Could you transcribe every record below exactly as written, excluding the pictures?

** Data for the task **
__________________________________________________
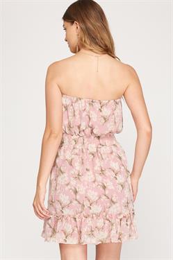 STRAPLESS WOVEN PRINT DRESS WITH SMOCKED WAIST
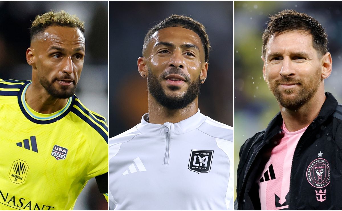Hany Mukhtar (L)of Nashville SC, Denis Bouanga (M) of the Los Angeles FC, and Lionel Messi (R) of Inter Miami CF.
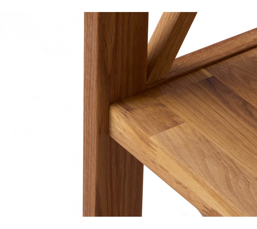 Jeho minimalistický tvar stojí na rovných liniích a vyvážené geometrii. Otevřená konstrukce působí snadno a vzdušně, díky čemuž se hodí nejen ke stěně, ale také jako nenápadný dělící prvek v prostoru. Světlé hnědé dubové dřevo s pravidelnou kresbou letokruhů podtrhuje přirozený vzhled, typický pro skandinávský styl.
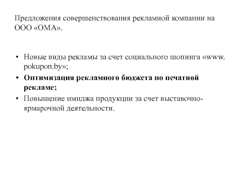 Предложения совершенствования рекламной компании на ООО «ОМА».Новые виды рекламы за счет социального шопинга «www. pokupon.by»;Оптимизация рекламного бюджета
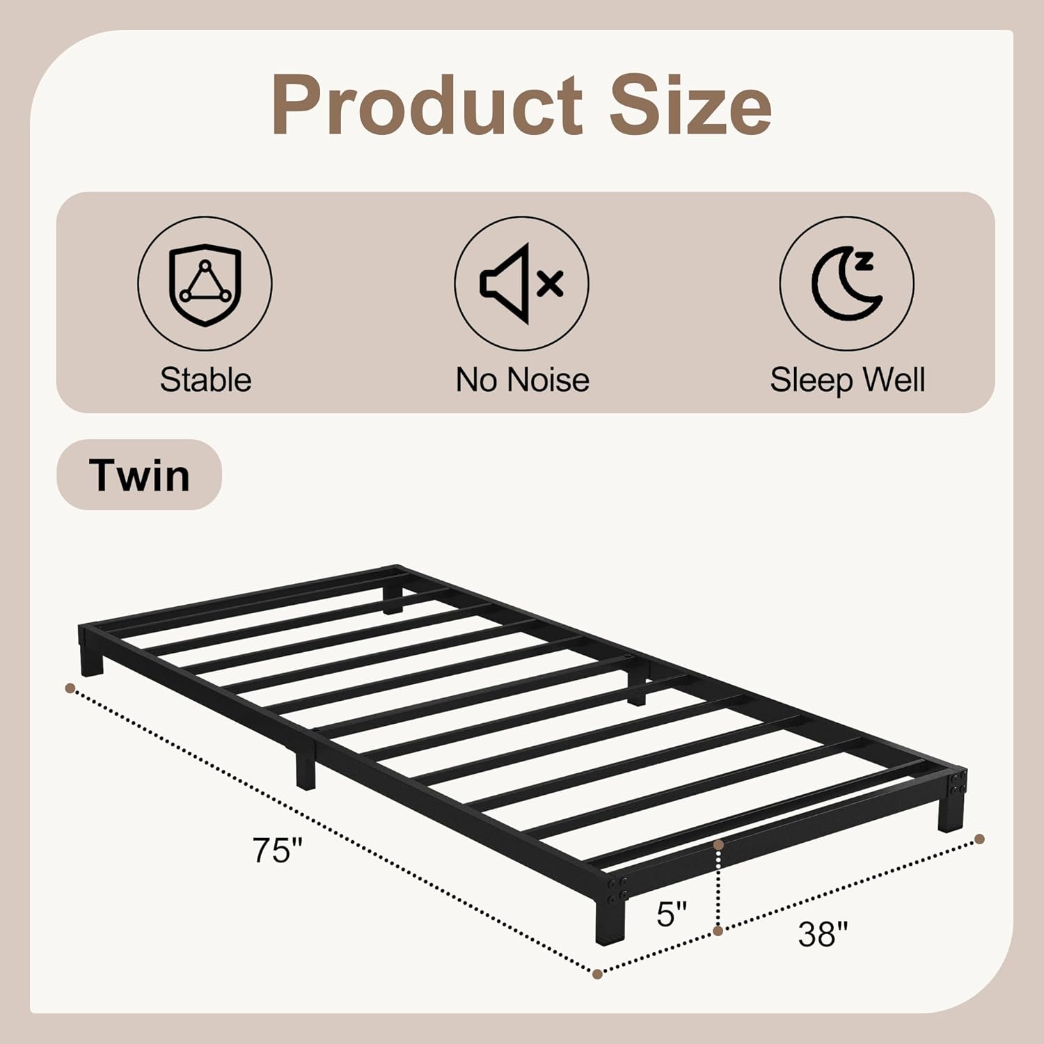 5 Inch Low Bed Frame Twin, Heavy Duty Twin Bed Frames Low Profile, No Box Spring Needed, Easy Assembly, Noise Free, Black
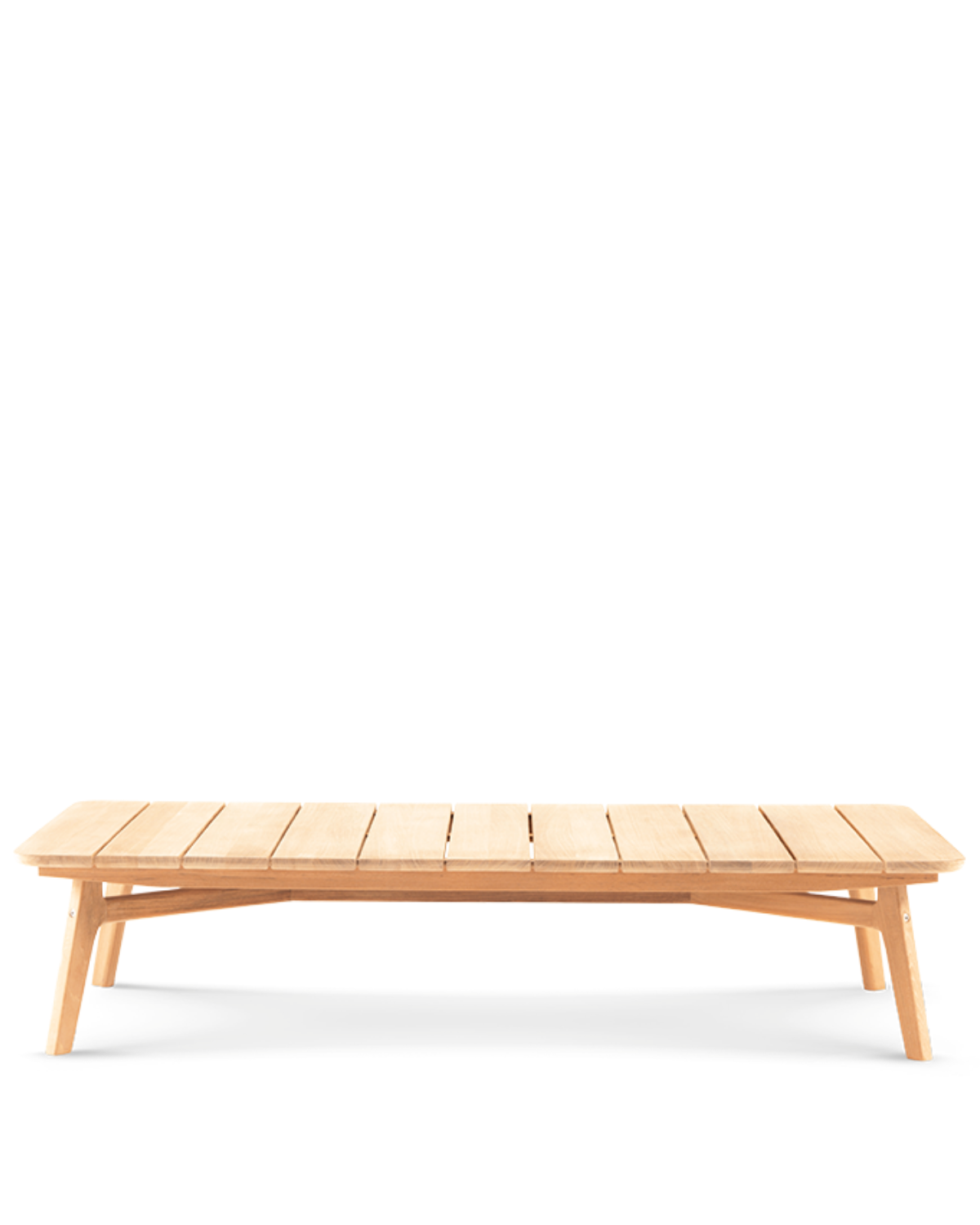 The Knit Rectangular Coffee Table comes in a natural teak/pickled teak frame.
__________________________________________________
** Output **
 STRAPLESS WOVEN PRINT DRESS WITH SMOCKED WAIST
Hany Mukhtar (L)of Nashville SC, Denis Bouanga (M) of the Los Angeles FC, and Lionel Messi (R) of Inter Miami CF.
 Jeho minimalistický tvar stojí na rovných liniích a vyvážené geometrii. Otevřená konstrukce působí snadno a vzdušně, díky čemuž se hodí nejen ke stěně, ale také jako nenápadný dělící prvek v prostoru. Světlé hnědé dubové dřevo s pravidelnou kresbou letokruhů podtrhuje přirozený vzhled, typický pro skandinávský styl.
 Предложения совершенствования рекламной компании на ООО «ОМА».Новые виды рекламы за счет социального шопинга «www. pokupon.by»;Оптимизация рекламного бюджета
 5 Inch Low Bed Frame Twin, Heavy Duty Twin Bed Frames Low Profile, No Box Spring Needed, Easy Assembly, Noise Free, Black
 The Knit Rectangular Coffee Table comes in a natural teak/pickled teak frame.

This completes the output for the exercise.